The midlife fantasy formula

So, there’s a subgenre that’s been proliferating like mad lately: Midlife Women’s Fantasy. I read it because there are so many things I love in it. Myths and magical houses are often incorporated. It makes me angry because the beginnings are generally so formulaic and stereotypical. And then it interests me again because authors do so many wild and wonderful things with those same elements.

It generally goes like this: MC is a woman, generally in her forties (occasionally a little older or younger but not by much). She feels old, sometimes with exaggerated physical manifestations of aging that strike me as unrealistic for her age, sometimes not. She finds herself in the middle of an acrimonious divorce, usually one that caught her totally by surprise. Occasionally the husband dies instead. She hadn’t known that he’d been cheating on her for years. Sometimes she catches him in flagrante, sometimes he coldly tells her to get out. She may have one child, generally off at college, or none, one best friend or none. She is adrift; something has also gone wrong at work and she’s out of a job. Her financial situation varies: sometimes she’s comfortably off, sometimes she’s destitute. Either way, she’s adrift emotionally because she’s spent all of her adult life trying to to make her husband (and family, if applicable) happy, treating them as her main job and doing all the emotional labor in the home, except that if she has a child, that child takes more after her and is usually loving. Sometimes they’re estranged, generally through a misunderstanding.

And right then, she learns that she’s been left a home or a business by a relative she might or might not have known, in a town she doesn’t know. If it’s a home, there is usually some sort of job role attached to living there. In a few cases, she stumbles in some other way across mysteries related to her family. Or else she’s known about her magic but has rejected it for some reason, and now it’s no longer impossible to live a fully mundane life. There may be magically-induced memory loss to overcome. She moves to the new town and learns that it’s full of magic. The house itself is often magical, maybe sentient. She develops magic powers of her own. She makes friends. Generally there is a brooding, dark (either physically or metaphorically), mysterious man in the mix (sometimes two) with whom she gradually develops a romance, though often that takes two or three books. Very often, she has a powerful and unique role in the new place, something she is uniquely destined to fill. If not, then she becomes important to the happiness of her new town or neighborhood.

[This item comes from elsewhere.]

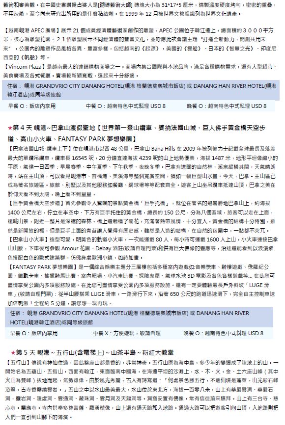 5. 本優惠行程僅適用本國人(持中華民國護照)於台灣出發同行參團有效,越南當地人士、或越南出生(含越南新娘)、或越南工作、或設廠台商、或越南當地JOIN者,不接受參團,另外其他非本國籍人士(外籍人士)需另加價。

The variety that erupts within those bounds, or uses them as a starting point, is what makes it interesting. Some authors play them straight (KF Breene, whose Midlife Magic series is AFAIK the start of the genre). Some use them as a stepping stone to whole new worlds (Linzi Day’s Gretna Green) often with mythic components. Some authors step outside the bounds I’ve delineated above (Elizabeth Hunter’s Glimmer Lake series stays in the MC’s hometown, and one of her three MC’s rekindles the relationship with her own spouse, while another is widowed after a wonderful marriage; Debra Wilde’s Magic After Midlife heroine is best friends with her ex, they coparent a child in her early teens).

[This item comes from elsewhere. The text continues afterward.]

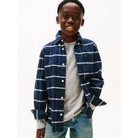Tommy Hilfiger Boys Window Pane Check Long Sleeve Shirt Size & Fit Regular fit Available in sizes 4 years - 16 years Details Boys Window Pane Check Long Sleeve Shirt - Check by Tommy Hilfiger Black Long sleeves with button cuffs Collar Patch pocket on chest Small logo Checked print Material & Care Material Content: 97% Cotton, 3% Elastane Washing Instructions: Machine Washable - Manufacturers part number: WKTLO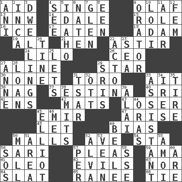 ACROSS 1. Assist 4. Burn superficially 9. Norwegian king 13. Compass dir. 14. Peak District village in England 15. Hero or heavy, e.g. 16. Frozen water 17. Eroded 18. First man 19. Keyboard modifier key 21. Layer 22. Having gotten out of bed 24. _ and Stitch 26. Corporate head (abbr.) 27. Place in a line 29. Play the lead 30. Music written for nine 31. "Corrida" creature 33. Small island 36. Tired old horse 37. French poetic form 40. Indian title of respect (Mr.) 41. Followers of ems 42. Floor protectors 43. Failure 45. Independent ruler or chieftain 47. Originate 48. Allow 49. Prejudice 50. Shopping centers 52. "___ Maria" 54. R.R. building 56. Indian skirt 57. Entreaties 59. Wet nurse (var.) 61. Margarine 62. Vices 63. And not 64. Narrow board 65. The wife of a rajah (variant) 66. Neckwear DOWN 1. Cuckoo 2. South American Indian 3. Homes 4. Observe 5. Potato state 6. Nathan's nickname 7. Small, secluded valley 8. Car or cant ending 9. Speaker 10. Farming town in central California 11. Having or resembling wings 12. Opposite of masc. 20. Prong on a fork 22. 13-14th century defensive garment 23. Ocean 25. Allows 27. Singer Murray 28. Grant temporary use of 29. Indian titles of respect 31. Russian ruler of old 32. Baseball player Mel 33. Aide 34. Angers 35. Hoop that covers a wheel 38. Sends forth 39. Jai ____ 44. Mouths or openings 45. American author Paul (1891-1958) 46. Cartoonist voice _ Blanc 49. Calif. Air Force Base 50. Promenade 51. Length times width 52. Inventor's middle name 53. Distinctive style or manner 55. Mine, in Marseilles 56. Distress signal 57. For each 58. Compass dir. 60. "We ___ not amused" (Victoria)

I love them because they have so many of my favorite fantasy elements: magic existing in our own world (my favorite form of fantasy since I read Edward Eager’s Half Magic, back when my age was in single digits); women finding their own power; found family; magical or sentient houses. What I hate is that most of the original husbands are such formulaic villains – but I’m also feeling sorry for them because so many of the MCs have made their families’ well-being their main job in life, and who wants to be seen as a project rather than a person? Some of them are so evil they’ve deliberately gaslit the MC for decades, but I wonder if others lapsed into bad behavior in part because they weren’t ever treated as adults able to run their own lives. (Only in part, because cheating is always a choice and they could have simply had an adult discussion and tried to change things!)

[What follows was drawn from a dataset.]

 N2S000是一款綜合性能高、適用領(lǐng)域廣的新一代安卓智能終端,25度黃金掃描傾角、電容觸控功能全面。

My own AHiP probably falls within the genre (as one local bookseller told me, “It’s all about the vibe”) but it’s one of those that pushes the bounds. Macrina knows about her own magic, though it expands over the course of the book (and will expand more over the trilogy). In fact, the magic mostly isn’t secret; even people outside the Magical Community know magic exists, though they may not know much about the MC or have ever met a magical person. (I was thinking about the way everyone knows Judaism exists, or Buddhism, Zoroastrianism, whatever but they may never have met a Jew/Buddhist/Zoroastrian and may not know much about the actual associated beliefs.) She’s at a loose end at the start of the series due to outside forces, but not a divorce, and she had already moved to a new town a year before the book starts. And importantly, she’s happy in her current relationship and has no plans to ditch Gil. She doesn’t even expect her relationship to change (though she’s not completely right about that.)

Of course I know plenty of women whose first husbands really were that awful, but I know plenty of happily married people too. I’d really like to see a few more cases where a solid couple discover magic together. Sort of like a fantasy version of Agatha Christie’s Tommy and Tuppence, who happily embark on solving new mysteries together in middle and even old age.

Quick warning note: much as I like the idea of it, though, I have to recommend skipping the last Tommy / Tuppence book, the one where they’re in their 70s. It was Christie’s own last book and sadly, it shows. It’s much worse written than anything else of hers I’ve read, and I’ve read most of them.